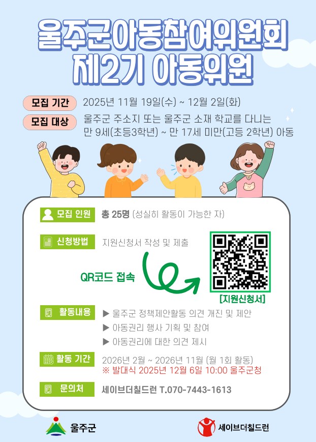 [지역행사홍보] 2025년 울주군아동참여위원회 제2기 아동 위원 모집
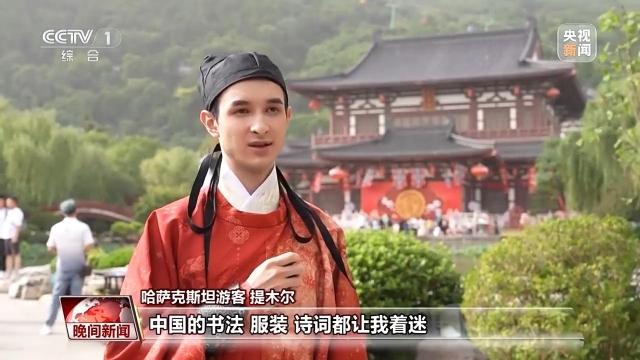 哈萨克斯坦游客提木尔:中国的书法、服装、诗词都让我着迷,今天穿着这身中国的传统服饰,体验中国唐代的宫廷婚礼,这个经历真的太独特,太珍贵了。
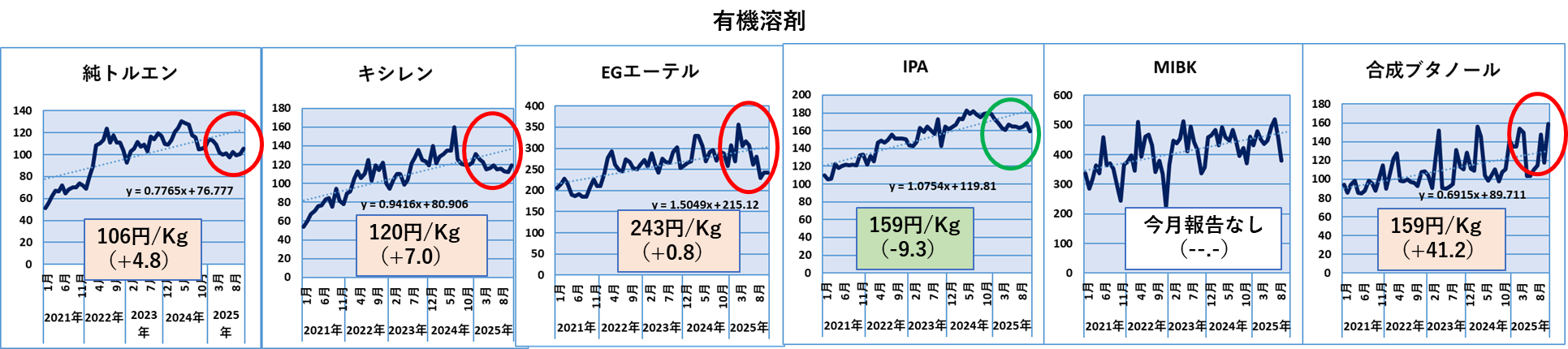 有機溶剤では前月から3%以上単価が上昇したのが、トルエン、キシレン、合成ブタノール、3%以上単価が下落したのがイソプロピルアルコールでした。
******
What you have to do: The copy must match the listing above exactly but contain no pictures.

Solution:
 [지역행사홍보] 2025년 울주군아동참여위원회 제2기 아동 위원 모집
 哈萨克斯坦游客提木尔:中国的书法、服装、诗词都让我着迷,今天穿着这身中国的传统服饰,体验中国唐代的宫廷婚礼,这个经历真的太独特,太珍贵了。
 有機溶剤では前月から3%以上単価が上昇したのが、トルエン、キシレン、合成ブタノール、3%以上単価が下落したのがイソプロピルアルコールでした。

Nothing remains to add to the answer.